Global Risk Scores and Exercise Testing for Predicting All-Cause Mortality in a Preventive Medicine Program

  1. Mehmet K. Aktas, MD;
  2. Volkan Ozduran, MD;
  3. Claire E. Pothier, MPH;
  4. Richard Lang, MD, MPH;
  5. Michael S. Lauer, MD
  1. Author Affiliations: Departments of Medicine (Drs Aktas and Ozduran), General Internal Medicine (Dr Lang), and Cardiovascular Medicine (Ms Pothier and Dr Lauer), Cleveland Clinic Foundation, Cleveland, Ohio.

Abstract

Context  The usefulness of exercise stress test results and global cardiovascular risk systems for predicting all-cause mortality in asymptomatic individuals seen in clinical settings is unclear.

Objectives  To determine the validity for prediction of all-cause mortality of the Framingham Risk Score and of a recently described European global scoring system Systematic Coronary Risk Evaluation (SCORE) for cardiovascular mortality among asymptomatic individuals evaluated in a clinical setting and to determine the potential prognostic value of exercise stress testing once these baseline risks are known.

Design, Setting, and Participants  Prospective cohort study of 3554 asymptomatic adults between the ages of 50 and 75 years who underwent exercise stress testing as part of an executive health program between October 1990 and December 2002; participants were followed up for a mean of 8 years.

Main Outcome Measures  Global risk based on the Framingham Risk Score and the European SCORE. Prospectively recorded exercise stress test result abnormalities included impaired physical fitness, abnormal heart rate recovery, ventricular ectopy, and ST-segment abnormalities.
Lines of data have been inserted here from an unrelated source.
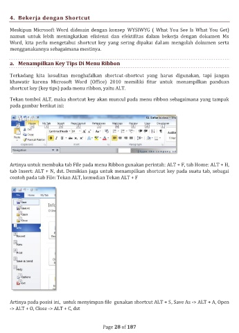 contoh pada tab File: Tekan ALT, kemudian Tekan ALT + F
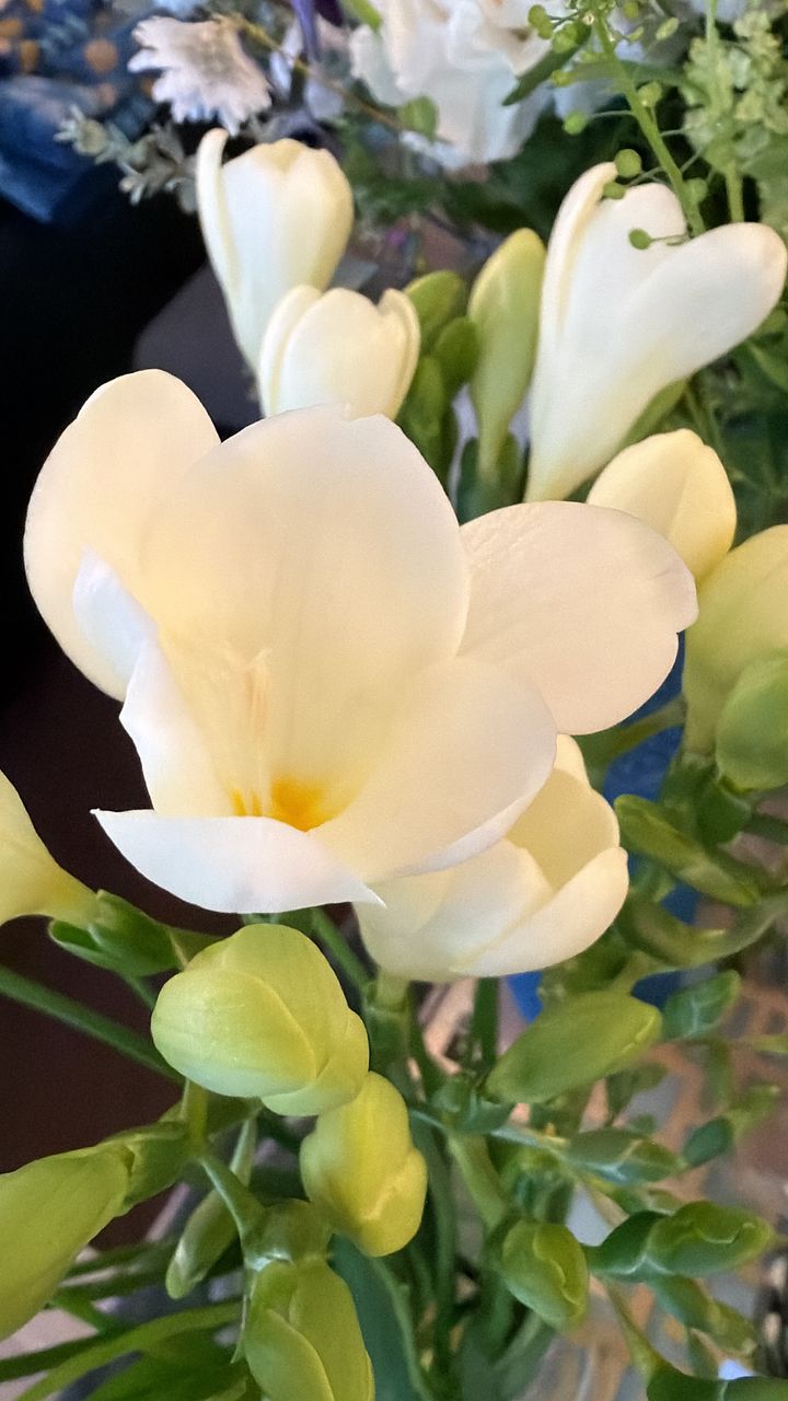 清楚なホワイトのフリージアだけをたっぷり束めました🤍🕊️
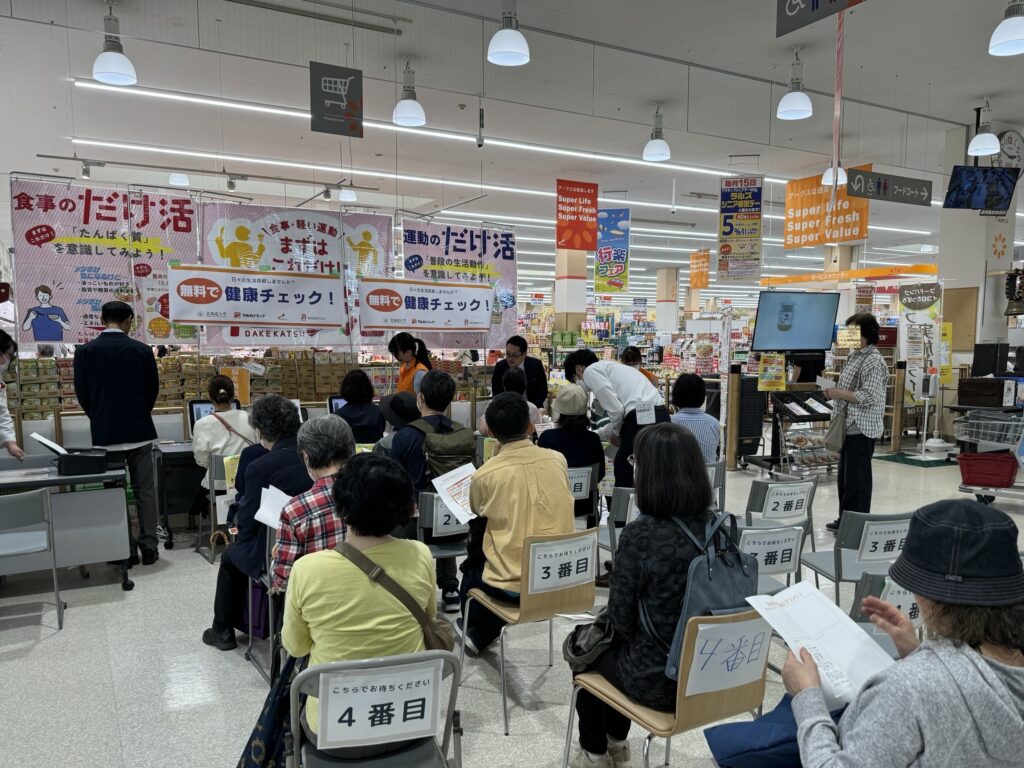 また、「無料で健康チェック!」は7人の大学生ボランティアに運営サポートをしていただき、「脳年齢測定」「骨健康度測定」「ベジチェック(推定野菜摂取量測定)」などに加えて、「高齢者についての総合相談窓口」を設けたほか、北海道味の素株式会社と連携し、運動・食事両面から普段の生活の中で簡単に健康を意識できる活動「だけ活」を紹介し、約240名が参加しました。

The primary end point was all-cause mortality.

Results  There were 114 deaths. The c-index, which corresponds to receiver operating characteristic curve values, and the Akaike Information Criteria found that the European SCORE was superior to the Framingham Risk Score in estimating global mortality risk. In a multivariable model, independent predictors of death were a higher SCORE (for 1% predicted increase in absolute risk, relative risk [RR], 1.07; 95% confidence interval [CI], 1.04-1.09; P<.001), impaired functional capacity (RR, 2.95; 95% CI, 1.98-4.39; P<.001), and an abnormal heart rate recovery (RR, 1.59; 95%, 1.04-2.41; P = .03). ST-segment depression did not predict mortality. Among patients in the highest tertile from the SCORE, an abnormal exercise stress test result, defined as either impaired functional capacity or an abnormal heart rate recovery, identified a mortality risk of more than 1% per year.

Conclusion  Exercise stress testing when combined with the European global risk SCORE may be useful for stratifying risk in asymptomatic individuals in a comprehensive executive health screening program.